I know where you're coming from. My DH has a job that means he travels a similar amount to yours, and often the trips are at short notice which means cancelled plans etc. Mine had to spend 3 weeks on Australia when I was nearly eight months pregnant, I still remember the very minute he told me about that trip! I know also that long haul is more disruptive. You count on there being two of you the day he's back but actually he's struggling with jet lag so it takes out more days than you'd bargained for. Personally I find those days are harder, when he's not there I don't expect him to help, but when he is, I do, even if he's tired. I couldn't comment, obviously, on the rest of your relationship and what else might be at play here, and obviously my husband isn't yours but for what it's worth (because believe me, I have deeply resented his job, but I have made a kind of peace with it):
it does get easier when the kids are bigger, really, truly it does. The stage you're at is the worst but you will get your own routine with the DC, they will get used to having DH away and they will be just a little bit more independent (my DC are bigger then yours but not really big and we have a completely different but completely normal routine when DH is away and have done for some time)

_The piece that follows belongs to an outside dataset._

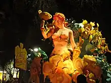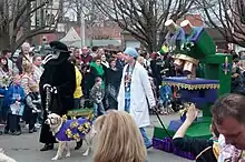 Mobile first celebrated Carnival in 1703 when French settlers began the festivities at the Old Mobile Site.[12] Mobile's first Carnival society was organized in 1704, when Nicholas Langlois founded Société de Saint Louis.[13] In 1711 it was renamed the Boeuf Gras Society (Fatted Ox Society) (1711–1861).[14] In 1830 Mobile's Cowbellion de Rakin Society was the first formally organized and masked mystic society in the United States to celebrate with a parade.[12][15] The Cowbellions got their start when Michael Krafft, a cotton factor from Pennsylvania, began a parade with participants' carrying rakes, hoes, and cowbells.[15] The "Cowbellions" introduced horse-drawn floats to the parades in 1840 with a parade entitled, "Heathen Gods and Goddesses".[14] The Striker's Independent Society was formed in 1843. It is the oldest surviving mystic society or krewe in the United States.[14]

what are the chances of a new job also requiring travel? Some careers do, it's the whole line of work not just the company, so even if he moved, would it actually give you what you'd like? Again, my DH isn't yours, but I have to accept that a new job for him is just different travel, it'll never be no travel. We're on job 3 of our marriage, all with travel, his, not mine.
If this is really the only thing as your original post suggests, can you (both - and the both bit is really important) put your energies into how that time he has to spend away can be easier for you so, can his family help out as well as yours? Do you have a babysitter - or can you find one - so that you can have something you do regularly that can carry on regardless when he's away? What do you need from him when he's back? Do you need some time (evenings, weekends, etc) away so you can have a break?
Are there some dates/ times that you really need him home that he can stick to - and yes that might be a difficult conversation for him at work from time to time,( but in my world it's nothing more than I do when I have to do all the sick child cover when he's away because there's no-one I can share it with)
Can you still speak to him properly when he's away? Time zones can be a challenge and to be honest after a full on day there are times I'd rather have a nice quiet evening by myself rather than a call. But it is important to know that if something comes up that you need to talk through with him, that there'll be a way to do that.
I wouldn't necessarily recommend moving closer to his work, unless that works for you all for other reasons, the issue is the travel but not the commute, right? So moving closer won't change that and you'll lose your support network. Sure you'll get another one but the effort is maybe not what you need right now.
A big thing is how much he likes his job, sounds like he's doing really well and he's obviously well regarded (why does it matter how it got it? Seems irrelevant?). He doesn't sound like he really wants to change - and to be honest, if he loves it as you say and he's getting on well I'm not surprised he doesn't - so you probably need to both focus on how to make it work for you. It's hard because actually the travel is probably quite gruelling for him too, so he may well not get how hard it is to be left at home - I know this has been a recurring theme for me, but don't feel guilty, you're doing a full time job at home, you need a break as much as he does.
Your comment about "lack of control" struck a chord with me. You can't take control by insisting he leave a job you say he loves. But there are lots of other ways you can get some control back. Best of luck, and remember you are definitely not the only one with a travelling husband, not matter what your current circle of friends makes you feel.